The UK is dancing all by itself

Investment management

The UK is dancing all by itself

I pointed out in the most recent Investment Services Quarterly that over the past fifteen or twenty years October had a slightly rude reputation as a bad month for equity market investors. October 2017 will go down in the history books as not only being a positive month for almost all global investors, but additionally one which saw many well-regarded volatility measures continuing to bump along the bottom. Good returns and low volatility… this sounds like some form of investment nirvana.

October 2017 will go down in the history books as not only being a positive month for almost all global investors but additionally one which saw many well-regarded volatility measures continuing to bump along the bottom

Federal reserve decisions

And think about the backdrop too. After the decision in September by the Federal Reserve to overtly reduce the size of their quantitative easing (QE) boosted balance sheet over the next couple of years, the big central bank pronouncement of October was the conclusion of the European Central Bank to reduce the size of their QE efforts from the start of next year, as the best economic backdrop in the Eurozone for a decade continued to build. Europe, during the month, even suffered the Catalan political crisis in Spain which – in less forgiving times – would have provided free pre-Halloween spooks for the region’s markets. However, any concerns were materially abated by the end of the month, albeit at the cost of the imposition of rarely used central government laws in Spain and a likely regional election a week or so before Christmas. Overall, add in Prime Minister Abe being re-elected in Japan, despite underwhelming many with his first term’s efforts, plus a well-received Chinese National People’s Congress meeting and the easy conclusion is that the global economy got better during October and financial markets rightly noticed.

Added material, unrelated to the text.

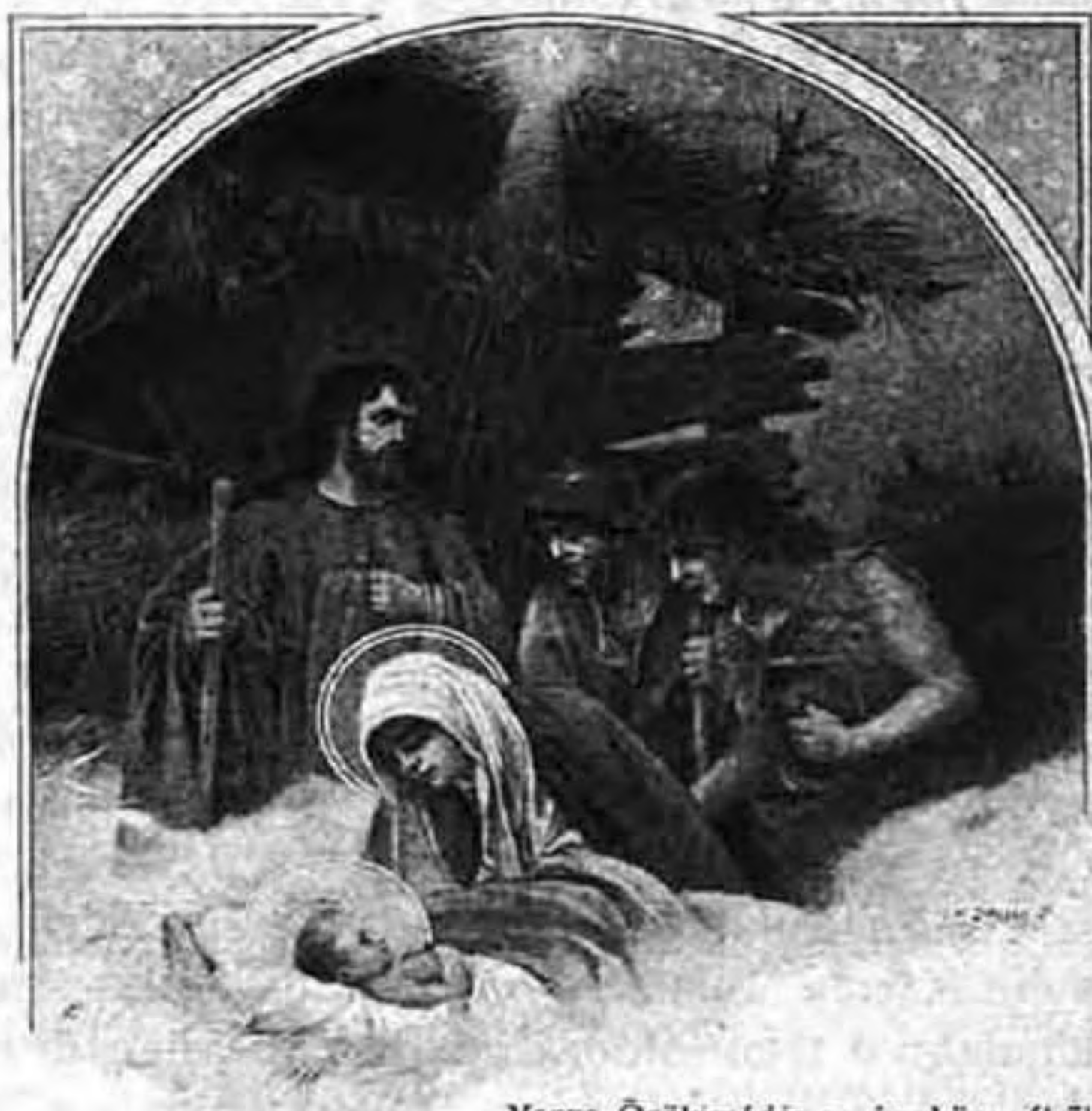
Varga Örökimádás cz. imakönyvéből.

U JÉVRE. Már az ó-esztendő vége felé a különböző nagyságu és tartalmu naptárak teszik a könyvkereskedők boltjainak keresett árucikkét. Napilapok és folyóiratok ilyenkor szintén naptárakat ismertetnek és ajánlanak. Az Örökimádás olvasóinak oly naptár fog e helyen bemutatkozni, mely megjelenésének idejét tekintve, a régmúlt időbe vezet, de tartalom dolgában nagyon is közel esik e folyóirat kitűzött céljához. A Hevenesi Gábor tollából kikerült Calendarium Eucharisticum -ról van szó. Ez a Szentségi Naptár nemcsak a magyar szerzőjü eucharisztikus művek között elsőrendü, hanem a külföldiek között is figyelmet érdemlő. Jeles szerzőnek jeles alkotása ez a könyv. Megjelenésekor sem az volt a célja, hogy az esztendőnek polgári napjairól, az esetleges időjárásról s a csillagászati változásokról adjon fölvilágosítást, hanem, hogy a kenyér színében köztünk jelenlevő Üdvözítőnek imádságát napról-napra fokozza s az Oltáriszentség révén a lelkek tökéletesedését hathatósan előmozdítsa. Ezért a Calendarium Eucharisticum -mal való foglalkozás most is időszerű.

Not everything, or everywhere is awesome

“The UK is participating a little less in this global upswing” Bank of England Governor Mark Carney

However, as the quote above from Bank of England Governor Mark Carney above shows, not everything – or everywhere – is awesome. The decision by the Bank of England, a couple of days into November, to raise interest rates feels consistent with the evolutions in both Federal Reserve and European Central Bank policy, an acknowledgment of the improving economic backdrop. Look more closely though and, in the case of the UK, it is clearly not.

UK economic growth rates

UK economic growth rates are not the worst of the G20 by any means but they are showing the worst momentum. Additionally, if you scratch below the surface, one of the big reasons why the Bank of England decided to edge interest rates up, for the first time in a decade, is that they are concerned the UK economy may otherwise struggle to keep inflation under control at 2% or less.

Inflation rates

Wow. Most other major global central banks have the opposite issue of trying to generate inflation but, of course, the UK has some special factors to consider. Governor Carney said the Brexit issue ‘was having a noticeable impact’ and leaver or remainer alike would have to acknowledge that the fall of the Pound in the second half of 2016 continues to boost the inflation rate. Now all of this ultimately works its way through, especially as the Pound has recovered against the US dollar during this year. However there is now a new challenge. Due to a combination of poor underlying productivity growth over recent years and more recent impacts, such as lower labour availability from non-UK workers, the Bank of England are now concerned the UK economy cannot grow even modestly quickly without threatening to generate a bit of inflation. And all this means that ultra-loose monetary policy cannot stay so ultra-loose.

Global investment returns

Now here’s the big question. UK-specific issues have induced some of the above, but the broader issue of low productivity and potential challenges of an economy running at firm levels of economic growth without generating overt inflation, are very globally relevant. If you go back to your economics textbook, the classic route to get out of such challenges lays not with keeping interest rates very low, or tapping the QE tiller, but through improving the flexibility of an economy. The policy baton handover from central banks raising interest rates or reducing/reversing stimulus measures, to government policy makers charged with applying supply side changes like tax changes, encouraging entrepreneurship and labour market reforms, remains the most important theme for global investment market returns in 2018.

An eye on the budget…

In the UK then, all eyes are on the upcoming UK budget later this month. Elsewhere, keep thinking about the various ongoing economic reform and structural change initiatives. Investment nirvana will not persist forever and it is hard not to conclude that the outperformers of 2018 will be the countries/regions that enact the most surprising level of change versus current expectations.

Investment nirvana will not persist forever; it is hard not to conclude that the outperformers of 2018 will be the countries or regions that enact the most surprising level of change versus current expectations.

Global allocations

Still, it is not all bad news for UK allocations. It is noteworthy that global allocations to UK equities have been, persistently, over recent months in the most well-known fund manager sentiment survey, the most underweight of all major investment class areas. In short, much pessimism has already been factored in but government policymakers still need to step up… wherever they are in the world.